Instructions to follow:
Leave the pictures out. Return all other data exactly.

(Input material Opens)

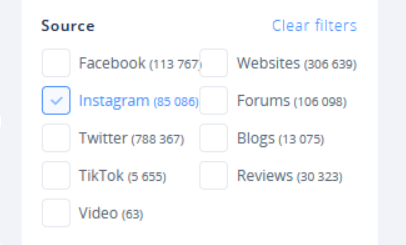 Already, you can do some pretty nifty tricks. You can see we have a metric ton of results to go through — a huge ask even for the most dedicated brand managers. Let’s narrow them down, then. Filtering allows us to only select mentions that came from a specific source, such as Instagram.
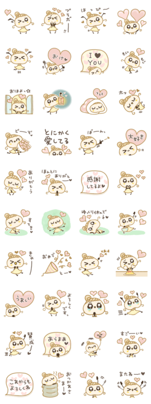 柔らかほっぺのほぺ美ちゃん◎愛が伝わる、ハート柄スタンプ40個描きました♪画面の向こうの大切な方へ是非どうぞ。小さな幸せ/感謝あさごぱん より発売
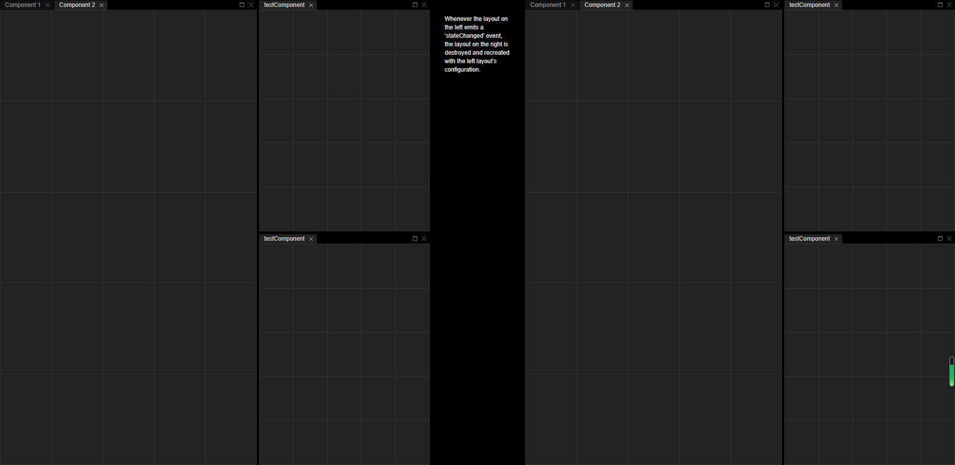 <div id="wrapper"> <div class="layoutA"></div> <div class="controls"> <p> Whenever the layout on the left emits a ‘stateChanged’ event, the layout on the right is destroyed and recreated with the left layout’s configuration. </p> </div> <div class="layoutB"></div></div> |
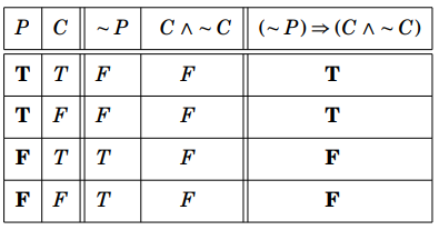 다음 표를 보면, $P$와 $(~P)\Rightarrow (C\wedge \neg C)$은 논리적으로 동일하다. 즉, $(\neg P)\Rightarrow (C\wedge \neg C)$가 참임을 보이면 $P$도 참이 되는 것이고, $(\neg P)\Rightarrow (C\wedge \neg C)$가 거짓임을 보이면 $P$도 거짓이 된다. 주의할 점은 $(\neg P)\Rightarrow (C\wedge \neg C)$이 참이라는 뜻이 $(C\wedge \neg C)$이 참이라는 것과는 전혀 다르다.
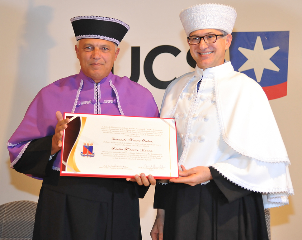 O reitor Evaldo Kuiava, presidente do Conselho Universitário (CONSUNI) presidiu, na manhã desta terça-feira, dia 26 de setembro, a sessão solene e pública do Consuni que outorgou ao sociólogo italiano Domenico De Masi, o título de Doutor Honoris Causa pela sua contribuição ao mundo da Ciência, das Letras e das Artes. [ Veja como foi. ]
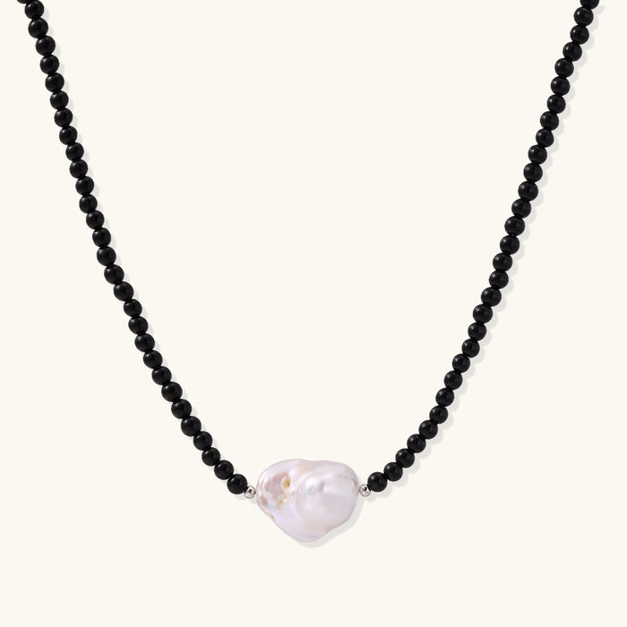 Glossy black agate grounds this luminous baroque pearl—known for nurturing feminine energy—in a study of contrasts.

(Input material Closes)

Output:
 Already, you can do some pretty nifty tricks. You can see we have a metric ton of results to go through — a huge ask even for the most dedicated brand managers. Let’s narrow them down, then. Filtering allows us to only select mentions that came from a specific source, such as Instagram.
 柔らかほっぺのほぺ美ちゃん◎愛が伝わる、ハート柄スタンプ40個描きました♪画面の向こうの大切な方へ是非どうぞ。小さな幸せ/感謝あさごぱん より発売
 <div id="wrapper"> <div class="layoutA"></div> <div class="controls"> <p> Whenever the layout on the left emits a ‘stateChanged’ event, the layout on the right is destroyed and recreated with the left layout’s configuration. </p> </div> <div class="layoutB"></div></div> |
 다음 표를 보면, $P$와 $(~P)\Rightarrow (C\wedge \neg C)$은 논리적으로 동일하다. 즉, $(\neg P)\Rightarrow (C\wedge \neg C)$가 참임을 보이면 $P$도 참이 되는 것이고, $(\neg P)\Rightarrow (C\wedge \neg C)$가 거짓임을 보이면 $P$도 거짓이 된다. 주의할 점은 $(\neg P)\Rightarrow (C\wedge \neg C)$이 참이라는 뜻이 $(C\wedge \neg C)$이 참이라는 것과는 전혀 다르다.
 O reitor Evaldo Kuiava, presidente do Conselho Universitário (CONSUNI) presidiu, na manhã desta terça-feira, dia 26 de setembro, a sessão solene e pública do Consuni que outorgou ao sociólogo italiano Domenico De Masi, o título de Doutor Honoris Causa pela sua contribuição ao mundo da Ciência, das Letras e das Artes. [ Veja como foi. ]
 Glossy black agate grounds this luminous baroque pearl—known for nurturing feminine energy—in a study of contrasts.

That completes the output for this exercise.